Тщетно дочь умоляла, плакала – ей так и не удалось ничего добиться.

Тогда она попросила позволить ей увезти с собой тело матери, поклявшись всем, что есть у нее святого, отправить им требуемый выкуп или возвратиться к ним и стать их невольницей.

Горцы отказались, заявив, что они согласятся отдать ей тело старухи лишь на одном условии, а именно, если мать оставит им в залог своего ребенка.

Дочерняя любовь взяла верх над материнским чувством: мать оставила своего ребенка – с криками, рыданиями, слезами и страхами, но все же оставила.

Она вернулась в Тифлис, похоронила мать в освященной земле, как это желала старуха, и, поскольку ее семья совершенно разорилась после первого выкупа, стала ходить, облаченная в траур, из дома в дом и просить подаяние, чтобы таким образом собрать шестьсот рублей, которые требовали у нее лезгины за возвращение ей ребенка.

Нужные шестьсот рублей были собраны в течение одной недели.

Располагая этими деньгами, мать не пожелала медлить ни одного часа; она отправилась в путь пешком и добралась до аула, где оставался ребенок. Но там, поскольку сердце ее было разбито печалью, а тело было разбито усталостью, она упала, чтобы никогда больше уже не встать.

Через три дня после своего прихода в аул мученица скончалась.

Лезгины, верные своему обещанию, взяли шестьсот рублей и возвратили мать и дочь начальнику русских военных постов; мать похоронили, а ребенка передали экзарху.

Этот ребенок – та самая маленькая сирота, которую вы только что видели и которую княгиня Орбелиани удочерила.

Так что, как видите, я был прав, говоря вам на ухо: «Посмотрите внимательно на эту маленькую девочку».

XXXIX. ПИСЬМО

Ровно в три часа дня мы явились к князю Барятинскому.

Хотя князь Барятинский носит одно из самых знаменитых русских имен – его род происходит от святого Михаила Черниговского, потомка Рюрика в двенадцатом колене и святого Владимира в восьмом, – он всем обязан лишь самому себе.

При императоре Николае он долгое время находился в немилости, несмотря на любовь, которую питал к нему наследник престола, а может быть, как раз вследствие этой любви.

В чине поручика он прибыл на Кавказ, императорским наместником и единоличным правителем которого ему было предначертано однажды стать, и командовал сначала сотней линейных казаков, затем батальоном и, наконец, Кабардинским полком.
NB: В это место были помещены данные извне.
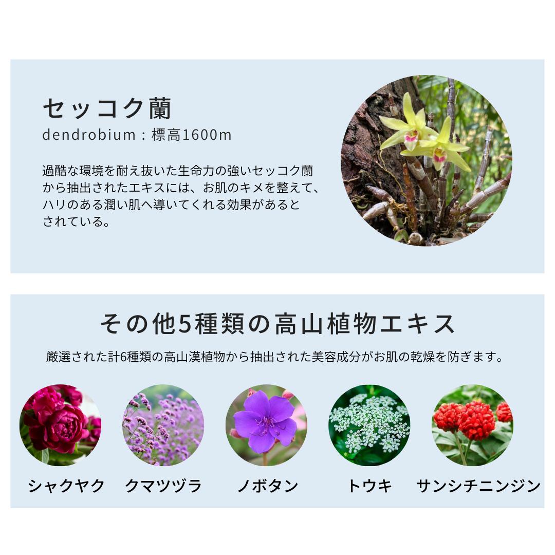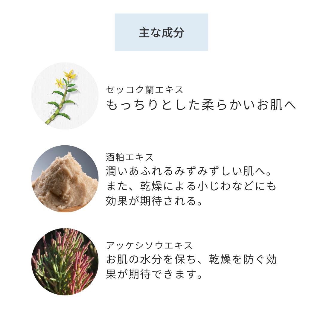 水、BG、グリセリン、ペンチレングリコール、イソステアリン酸PEG-25グリセリル、スクワラン、水添レシチン、ラウロイルグルタミン酸ジ(フィトステリル/オクチルドデシル)、オーキッドエキス、トウリンドウエキス、カラトウキ根エキス、クマツヅラエキス、サンシチニンジン根エキス、シャクヤク根エキス、ノボタンエキス、ボスウェリアセラタ樹脂エキス、シーウィップエキス、アッケシソウエキス、酒粕エキス、PEG-90M、キサンタンガム、カルボマー、水酸化K、EDTA-2Na、ラウリルベタイン、プロパンジオール、カプリルヒドロキサム酸、香料
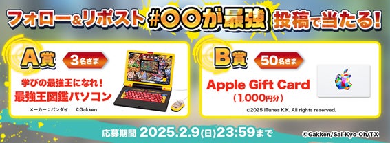 さらに、公式Xアカウントでは、「最強王図鑑パソコン」や「Apple Gift Card」が当たるキャンペーンも実施されます。
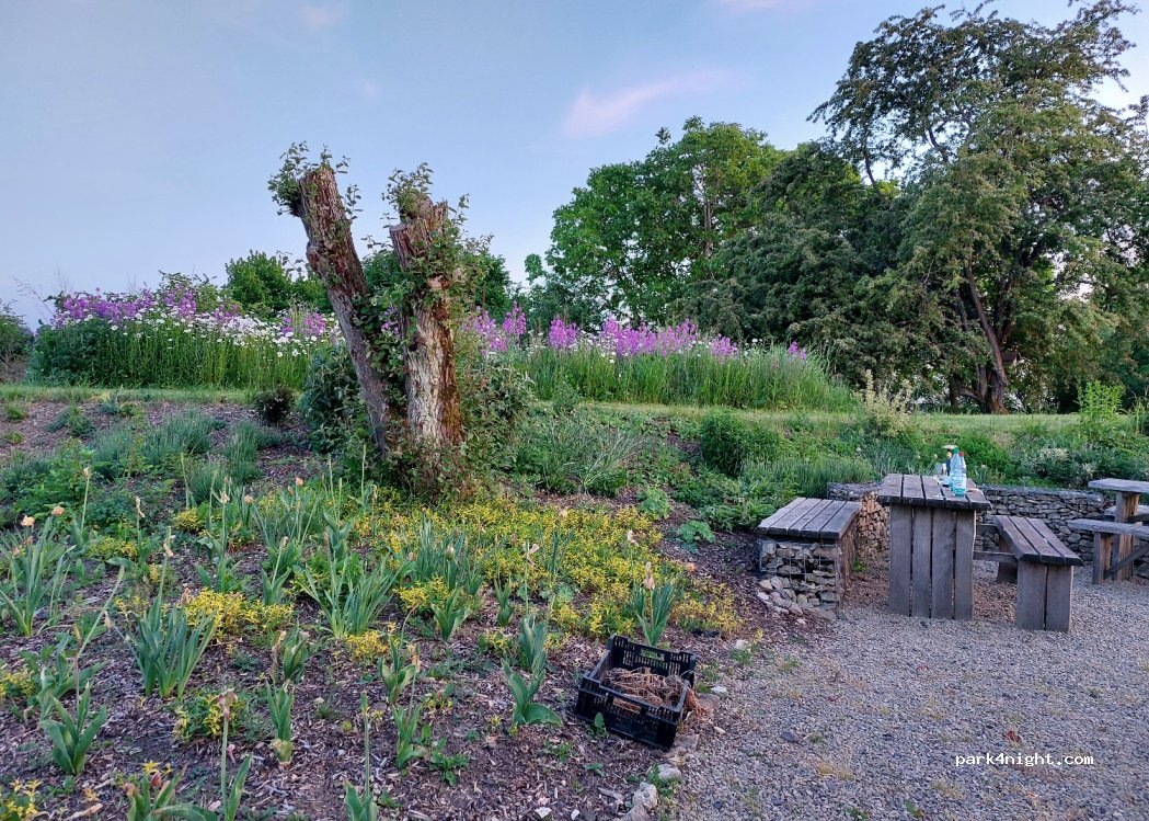 On the outskirts of a hiking car park, which is lovingly designed. With a beautiful exchange library. Table and benches to enjoy time outdoors. Great views of forests, meadows and hills. Very popular with hikers during the day, but wonderfully quiet at night.
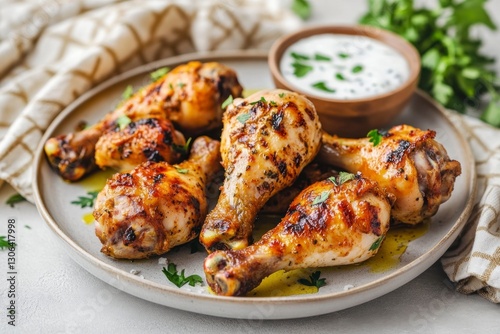Grilled Chicken Drumsticks with Dipping Sauce Plated for Delicious Food Photography
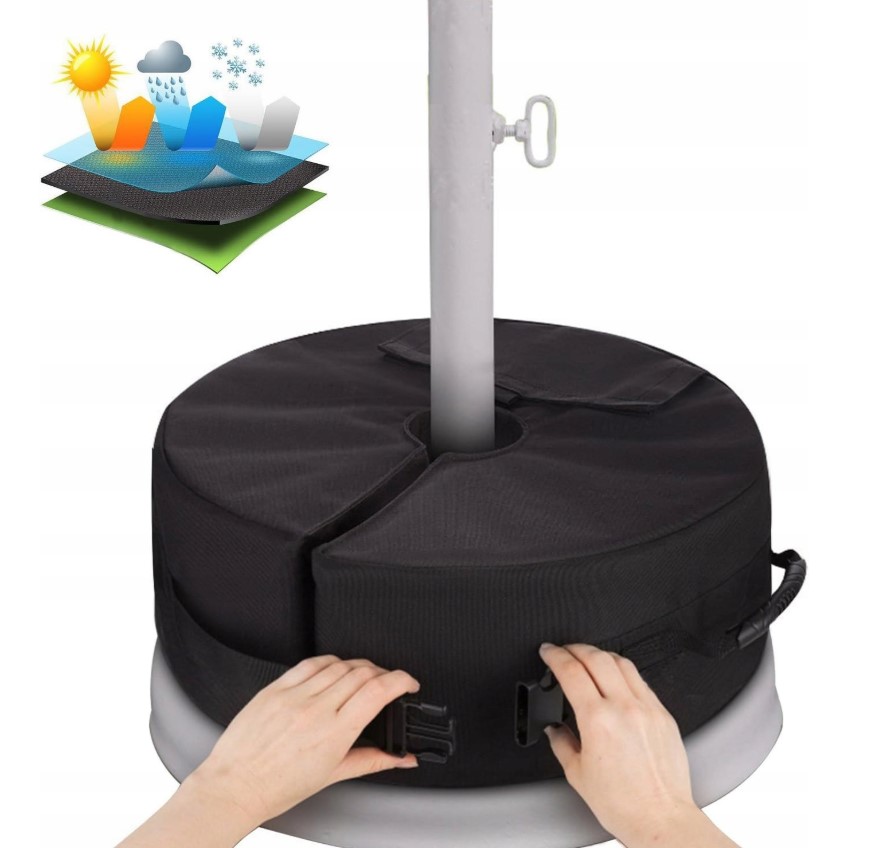 Podstavek za senčnik je nepogrešljiv pripomoček za vse, ki želijo svoj vrtni senčnik varno in stabilno pritrditi na izbrano mesto. Ta inovativna obtežitev je izdelana iz kakovostnega 900D poliestra, odpornega na vremenske vplive, UV žarke in trganje, kar zagotavlja dolgo življenjsko dobo in zanesljivo uporabo v vseh letnih časih.
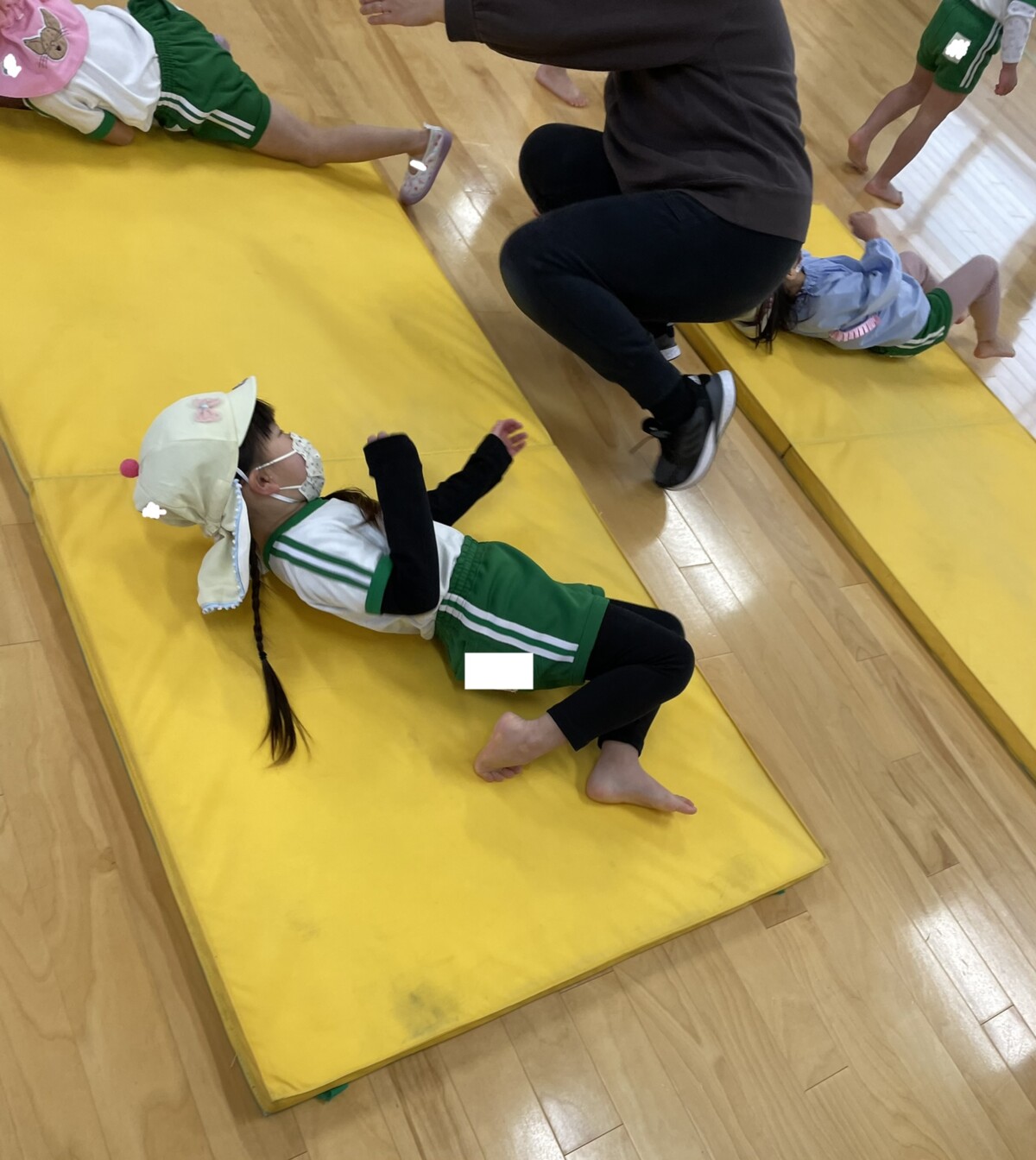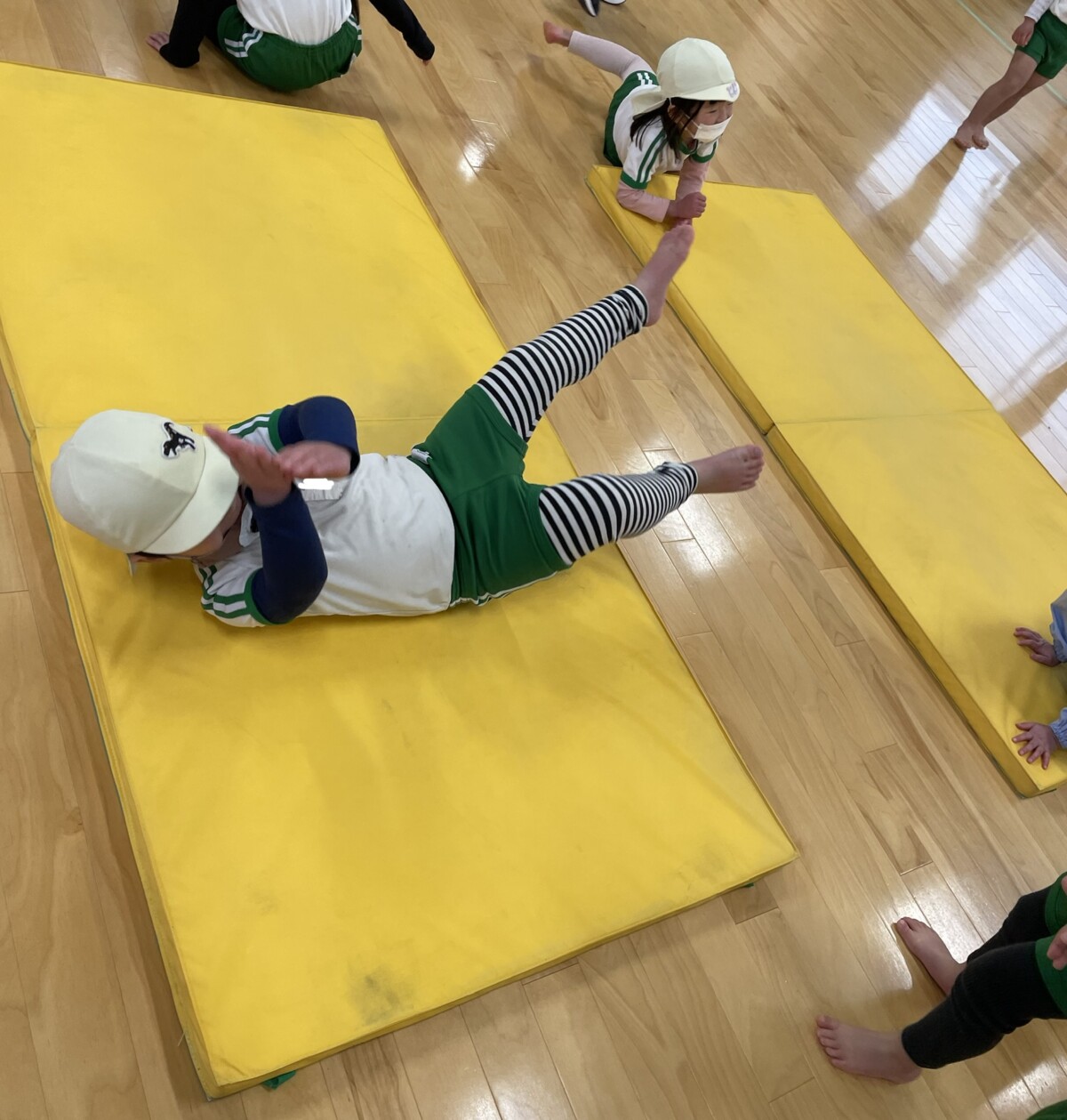 フープをジャンプしたり、マットの上を転がったり、よくお話を聞いてとても上手に出来ていましたよ!

Будучи командиром этого полка, он создал команду тех знаменитых кабардинских охотников, с которыми в Хасав-Юрте мы ходили в ночную экспедицию, о чем уже было рассказано выше, потом стал начальником штаба при Муравьеве, затем, в свою очередь, стал полным генералом, подал в отставку, вернулся в Петербург и, наконец, с восшествием на престол нового императора вернулся в Тифлис как наместник Кавказа.

Ему около сорока двух лет, у него красивая внешность и чрезвычайно приятный голос, которым он очень остроумно рассказывает как свои собственные воспоминания, так и чужие забавные истории; он приветлив и любезен, хотя и остается всегда знатным вельможей, что следует подчеркнуть особо. Как сейчас станет понятно, такая мягкость не исключает в нем громадной энергии.

Еще будучи полковником, князь Барятинский командовал экспедицией против одного аула. Как правило, такие экспедиции происходят летом, однако князь предпринял свой поход зимой, при пятнадцати градусах мороза, и у него были на то основания.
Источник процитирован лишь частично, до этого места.